Sosyal medyada eşik bekçiliği nedir?
Günümüzden 20 yıl önce ağlarda dolaşan bilgi, dijital medya çağındakiyle aynı sıklıkta değildi. Dijital çağda kitle iletişimin yanında kişiler arası iletişim de zirve yapmış durumda. Bu sebeple bilgi akışını denetlemek daha zor ve daha karmaşık. Kaynaktan çıkan doğru ya da yanlış her bilgi alıcıya ulaşıyor. Ana akım medyada bilgi akışı tek yönlü idi ve eşik bekçileri gazete editörleri gibi belirli kişilerdi. Şimdilerde her bir kullanıcı kısmen de olsa içerik üreticisi ve denetleyici konumuna geldi. Bilginin paylaşım hızı ölçülemeyecek derecede arttı ve bu, denetimi ve eşik bekçiliğini uygulanamaz hale getirdi.

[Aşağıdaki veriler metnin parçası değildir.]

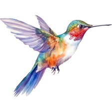 A tiny bird with green and red feathers that hovers while drinking nectar.
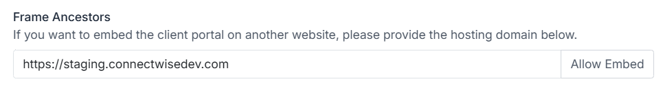 System > Security > Content Security Policy > TECH Portal, I've allowed my ConnectWise URL under the Frame Ancestor section

Birçokları tarafından kabul edilmese de sosyal medya platformlarındaki her bir kullanıcı eşik bekçisi gibi davranabilir. Örneğin hoşunuza gitmeyen, internet ortamında olmaması gerektiğini düşündüğünüz (şiddet, ırkçılık, taciz vb.) bir içerikle karşılaştığınızda, bunu şikâyet edebilir ve kaldırılmasına olanak sağlayabilirsiniz. Bu öncekilerden biraz farklı olsa da bir tür kontrol mekanizmasının olduğunu gösterir. Kısacası yeni medya çağında eşik bekçiliği teorisi biçim değiştirmiştir veya anlamını yitirmiştir.
Eşik bekçiliğine yönelik eleştiriler nedir?
White’ın gözlem ve araştırmaları sonucunda elde ettiği bulgulara göre, eşik bekçisinin yaptığı eleme işlemi öznel tutumlara göre gerçekleşir. Teoriyi bu açıdan ele aldığımızda, bir medya içeriğiyle karşılaşmamız için, o içeriğin hem eşik bekçisinin hem de toplumun genel ideolojik yapılarıyla örtüşmesi gereklidir. Gördüklerimiz tam anlamıyla görmek istediklerimiz değil, bir başkasının denetimi ve sansürü neticesinde uygun görülen seçeneklerin aktarımıdır. Karşılaştığımız her içeriğin ideolojik çerçevede sansür edildiğini kavradığımız vakit, medyanın ne ölçüde gerçeği yansıttığı konusu daha önemli bir tartışma haline gelir.
“Mean Girls” (2004) filminde popüler kızlar grubu, okulda kimin “cool” olup olmadığına karar verir.
“The Big Bang Theory” dizisinde geek kültürüne yeni giren kişiler bazen dışlayıcı tavırlarla karşılaşır.
Sosyal medya fenomenleri ve influencer’lar, gatekeeping yaparak kimin “gerçek hayran” olup olmadığına karar verebilir.
Bazı durumlarda gatekeeping, yanlış bilgilerin yayılmasını önleyebilir.
Mesleki gatekeeping, belirli bir uzmanlık alanında kaliteyi korumak için gereklidir.
Gatekeeping, dışlayıcı ve kibirli bir tutum sergileyerek toplulukları bölücü hale getirebilir.
Yeni başlayanları caydırarak kültürel veya akademik ilerlemeyi engelleyebilir.
Bugün sosyal medya ve dijital platformlar, gatekeeping mekanizmalarını hem güçlendirmiş hem de zayıflatmıştır.
Sonuç olarak, gatekeeping, bilginin, kültürün ve fırsatların paylaşılmasını etkileyen önemli bir olgu olarak varlığını sürdürmektedir.